O Vasco encaminhou o acerto com Ricardo Sá Pinto e está próximo de confirmá-lo como seu novo treinador. Mas quem é o português escolhido para substituir Ramon Menezes? Ex-jogador do Sporting e da seleção portuguesa, com passagens em seis países como técnico, ele está próximo de se aventurar pela primeira vez no futebol sul-americano.

E exatamente pelo fato de não ser muito conhecido pelas bandas do hemisfério sul, o ge decidiu ouvir quem acompanhou a trajetória de Sá Pinto de perto, como jogador e treinador. Conversamos com jornalistas portugueses, que falaram sobre carreira, questões táticas e o extracampo do treinador de 48 anos.

É um pacote completo. Embora Sá Pinto não esteja na primeira prateleira de treinadores portugueses, certamente é um grande personagem do futebol local. O recente trabalho no Braga, seu último emprego, é uma boa referência. A atuação enérgica à beira de campo, o estilo ofensivo de jogo e o temperamento explosivo também são citados por todos.

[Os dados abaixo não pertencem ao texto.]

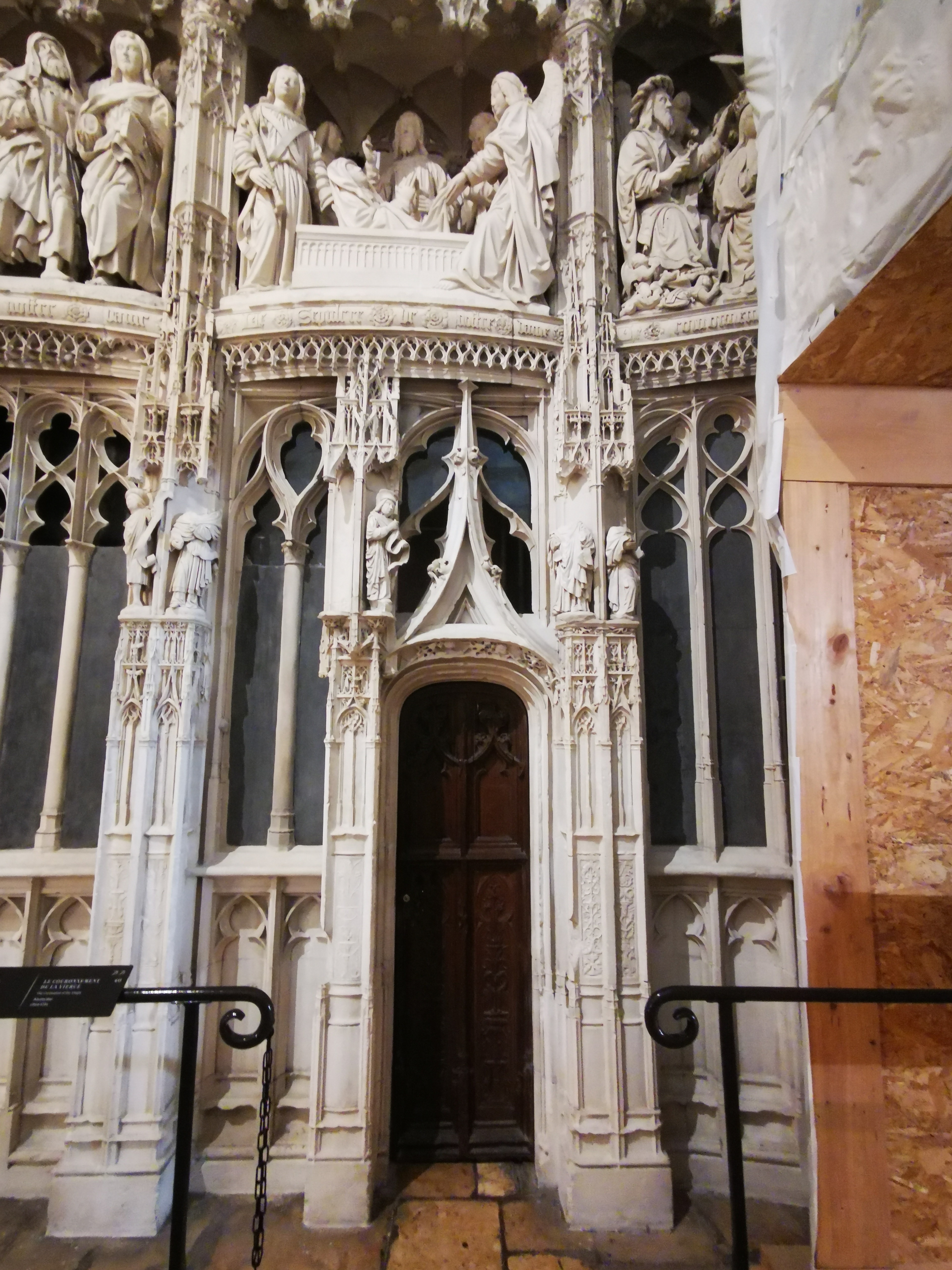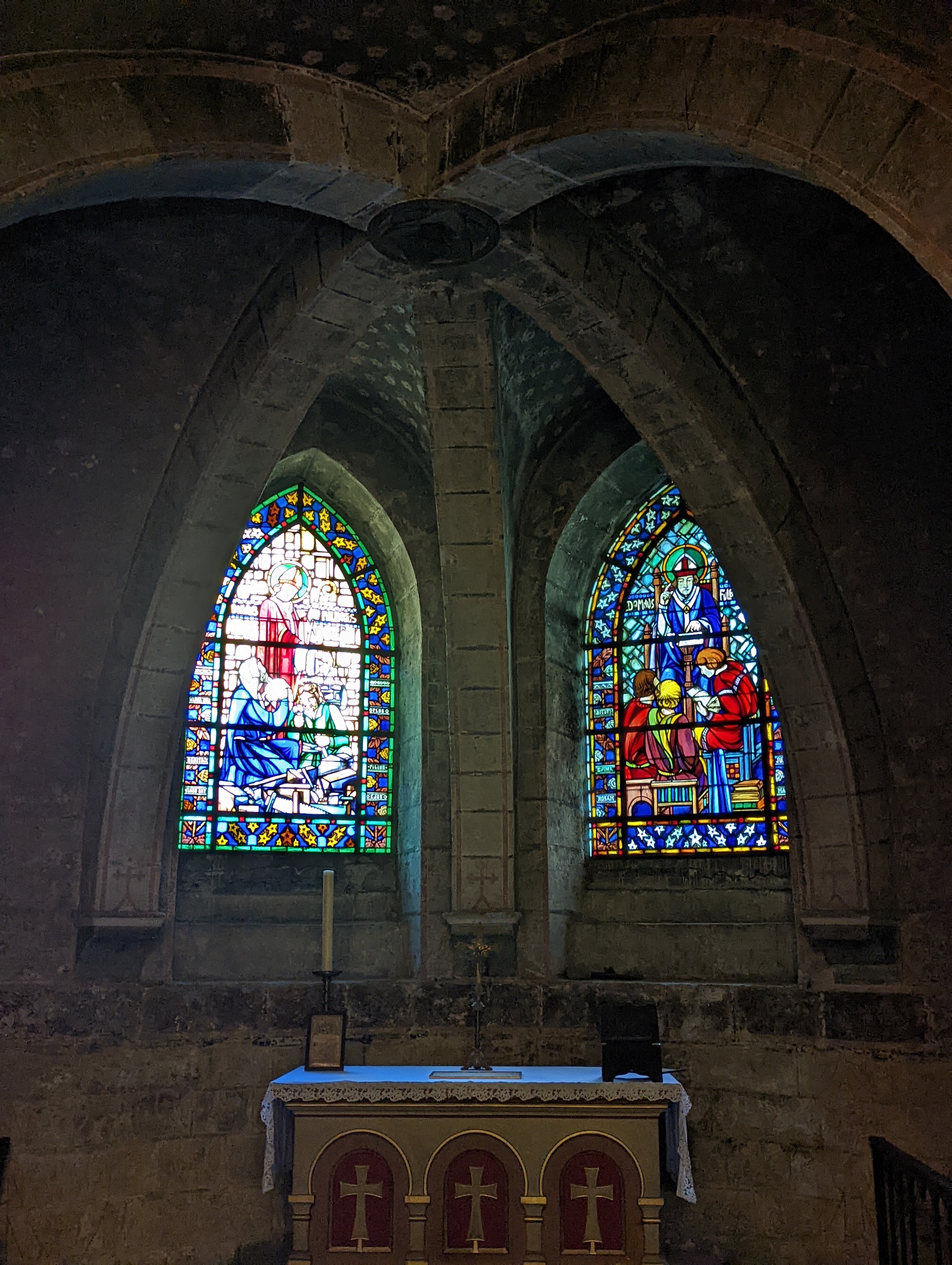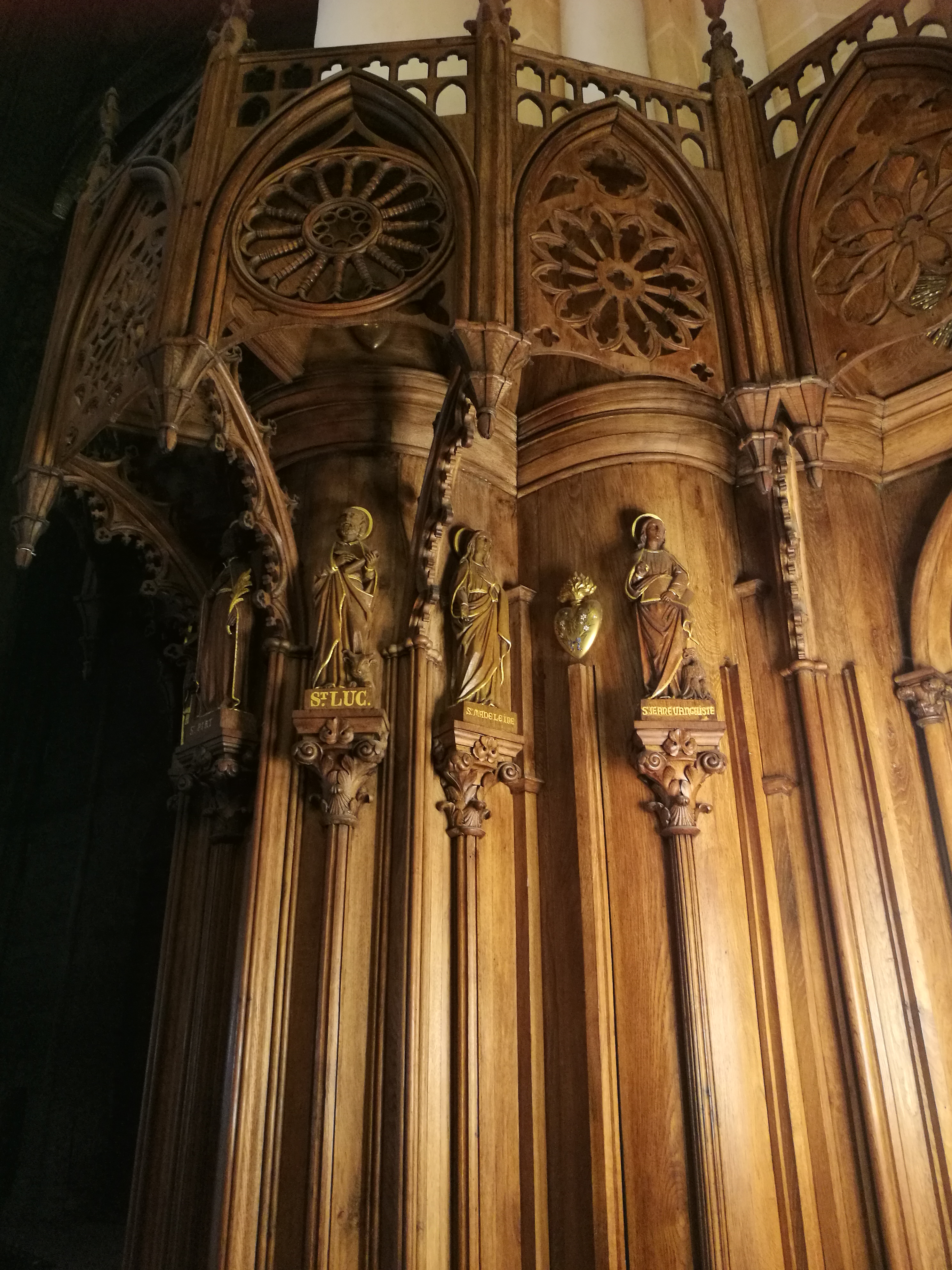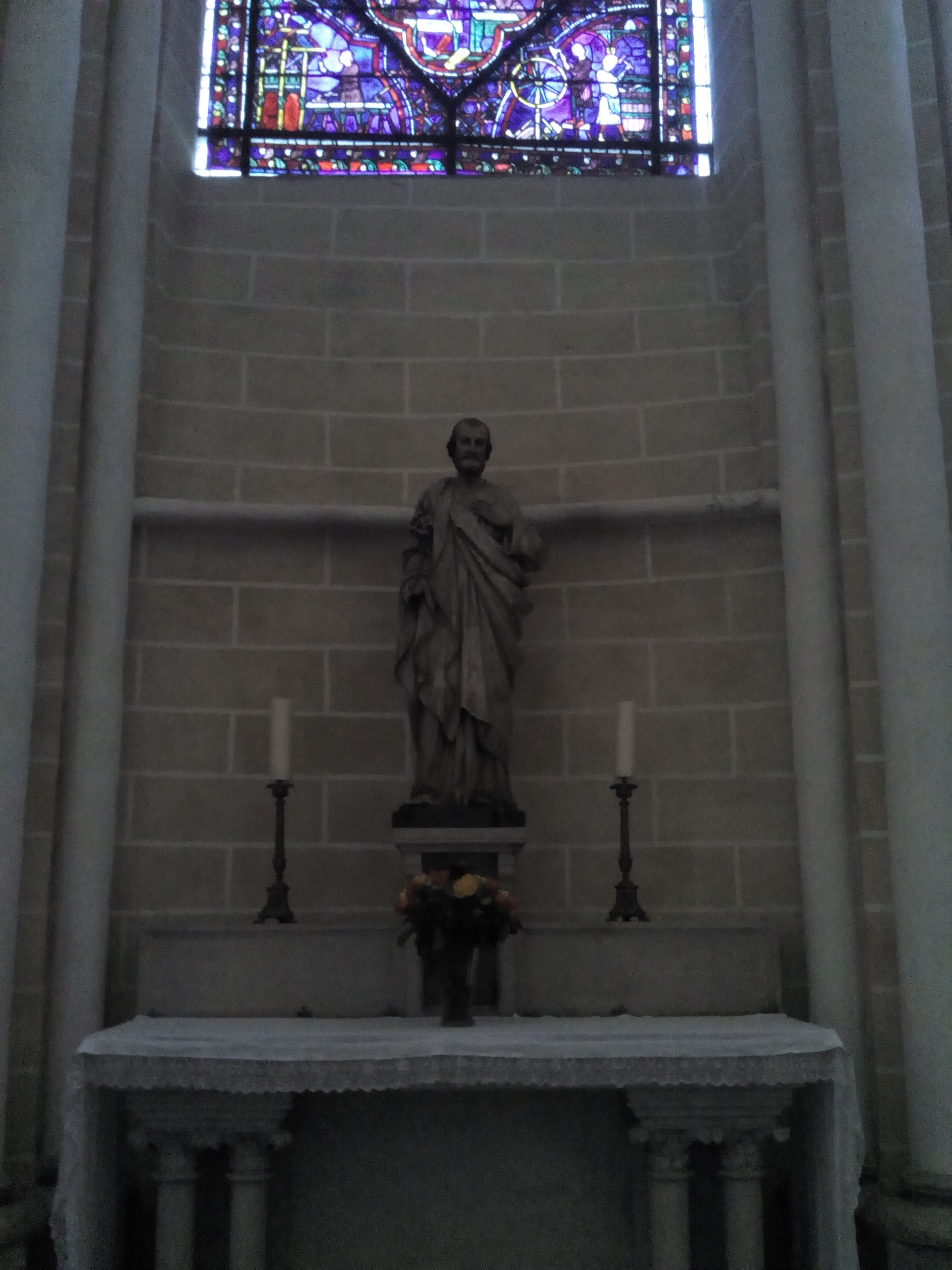 En travaux de restauration à l intérieur Les sculptures sont juste de la fine dentelle Incroyable tous les détails,les vitraux aussi ..il faudra y revenir en visite guidée

Sá Pinto coleciona confusões. Quando jogador, chegou a agredir o técnico da seleção portuguesa que o deixou fora de uma convocação e, nos tempos de diretor, trocou socos com Liedson (relembre o caso). Relatos, no entanto, dão conta de que, apesar de explosivo, Sá Pinto costuma ser muito próximo de seus jogadores. Ele cobra, mas ganha o vestiário.

 

Apesar de nunca ter trabalhado no Brasil, Ricardo Sá Pinto encontrará um ex-comandado. Aliás, um atleta que indicou para uma das equipes que treinou. Após o meio-campista Carlinhos se destacar em 2017 pelo Estoril, de Portugal, Sá Pinto, então treinador do Standard Liège, da Bélgica, pediu sua contratação. O brasileiro teve sequência com o português e marcou três gols e deu três assistências durante a temporada.

Em entrevista concedida ao jornal lusitano "A Bola" em dezembro do ano passado, o hoje vascaíno Carlinhos revelou que o telefonema de Sá Pinto foi fundamental para trocar o futebol português pelo belga. À época, o Benfica e o Braga também queriam contratá-lo.

- Houve contatos (do Benfica). Falei com o treinador (que à época dirigia o Benfica), o Rui Vitória. Ele me ligou, e estávamos para ir eu e o Bruno Gomes, que também estava no Estoril. Mas o Benfica só queria os dois, e o Bruno acabou por não ir. Nesse período, recebi uma ligação do Sá Pinto para me transferir para o Standard Liège e acabei por sair de Portugal - afirmou Carlinhos ao "A Bola".

Se vai dar certo ou não, é cedo para dizer. Mas o Vasco está próximo de contratar um grande personagem, uma figura que mudará radicalmente o dia a dia do clube e trará muitos holofotes para a Colina.
 

Veja os depoimentos de jornalistas sobre Sá Pinto

João Almeida Moreira, correspondente de A Bola no Brasil

"É uma carreira atribulada. Em Portugal, ele treinou um clube histórico meio decadente que é o Belenenses. Vamos tentar comparar: é uma espécie de Portuguesa-SP ou América-RJ. Um clube com muita tradição, mas que não tem obtido muitos resultados. Treinou e não teve muito sucesso no Belenenses.

Depois treinou o Braga, que foi o último trabalho dele. É um clube que tenta ser a quarta força do futebol português. Clube que até sonha ser campeão nacional, e ele também não teve muito sucesso.

E trabalhou no Sporting, que é um dos grandes e o clube com o qual ele tem ligação sentimental. Foi um jogador histórico do clube. No Sporting, ele conseguiu chegar à final da Taça de Portugal, o equivalente à Copa do Brasil. Mas perdeu para a Académica, que é um clube inferior.

Chegou à semifinal da Liga Europa, o que foi um feito, sinal de trabalho bem realizado, mas acabou com o gosto amargo de não chegar à final. Isso foi no ano de estreia (2012) e acabou por sair por maus resultados.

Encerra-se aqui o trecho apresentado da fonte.